| ASSIGNED TASK |
Exactly the lines from the one containing "Les défenseurs des" through the one containing "Davids (D) | ||" in the listing below are to be copied, with the pictures left out.

| SOURCE MATERIAL |
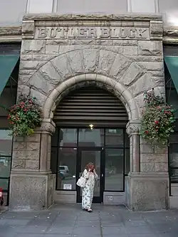 The Butler Block was converted to the Butler Hotel in 1894.[2] Later in that decade, it was the favored hostelry of those who returned wealthy from the Yukon Gold Rush. The hotel soon added its own electric plant and cold storage plant, as well as an open-front refrigerator in its grill room. Two more stories were added in 1903. The Butler became the center of the city's social life; guests included Alaskan con man, crime-boss, Soapy Smith,[10] Japanese admiral Tōgō Heihachirō, American politicians William Jennings Bryan, Robert M. La Follette, Sr., and William Howard Taft, and railroad magnate James J. Hill.[1]
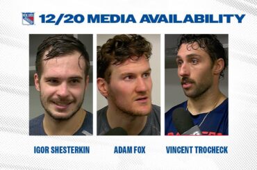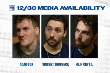 Les défenseurs des Rangers de New York Adam Fox et les attaquants Vincent Trocheck et Filip Chytil parlent avec les…
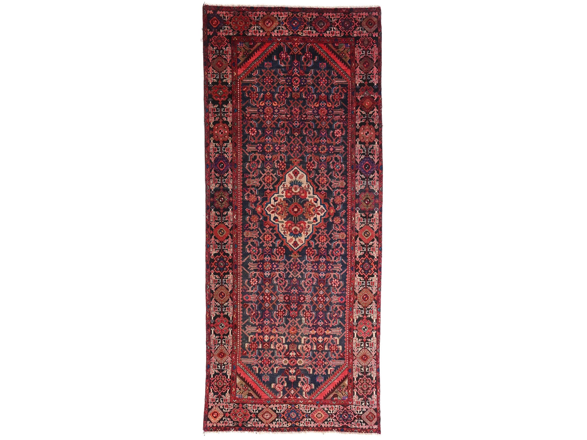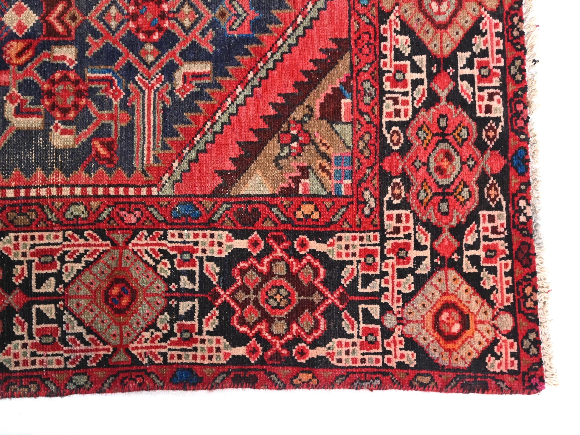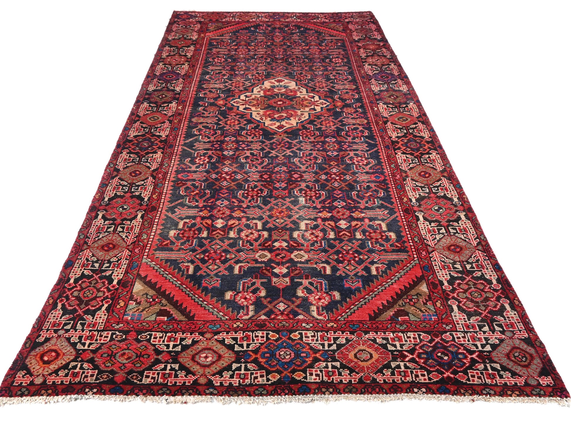 This 5x10 handmade Turkish tribal rug from 1970 commands attention with its intricate center medallion, woven with hues of ivory and rust over a navy blue and red floral field. The diagonal corner motifs and richly decorated borders create a balanced and ornate look that instantly elevates any room.
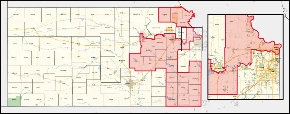 | 116th (2019–2021) | Steve Watkins (R) | Sharice Davids (D) | ||
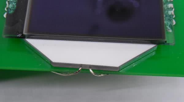 Poprawne wyświetlanie zawartości ekranu jest możliwe po załączeniu zewnętrznego podświetlenia. Wykonano je wklejając białą diodę LED w poliwęglanową płytkę, której zadaniem jest równomierne rozpraszanie światła. Ponieważ napięcie przewodzenia tej diody wynosi około 3 V, do ograniczenia natężenia płynącego przez nią prądu przy zasilaniu z 3,3 V wystarczy opornik R26 o rezystancji 100 V.
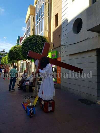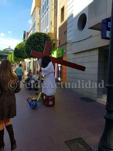 Se trata de una perfomance de un nombre vestido con una túnica blanca, barba poblada y larga cabellera que subido a una pequeña tarima porta a cuesta una cruz asemejando a Jesucristo de Nazaret. Ha sido el atractivo de esta mañana en la calle peatonal principal de Los Llanos.

| SOLUTION |
 Les défenseurs des Rangers de New York Adam Fox et les attaquants Vincent Trocheck et Filip Chytil parlent avec les…
 This 5x10 handmade Turkish tribal rug from 1970 commands attention with its intricate center medallion, woven with hues of ivory and rust over a navy blue and red floral field. The diagonal corner motifs and richly decorated borders create a balanced and ornate look that instantly elevates any room.
 | 116th (2019–2021) | Steve Watkins (R) | Sharice Davids (D) | ||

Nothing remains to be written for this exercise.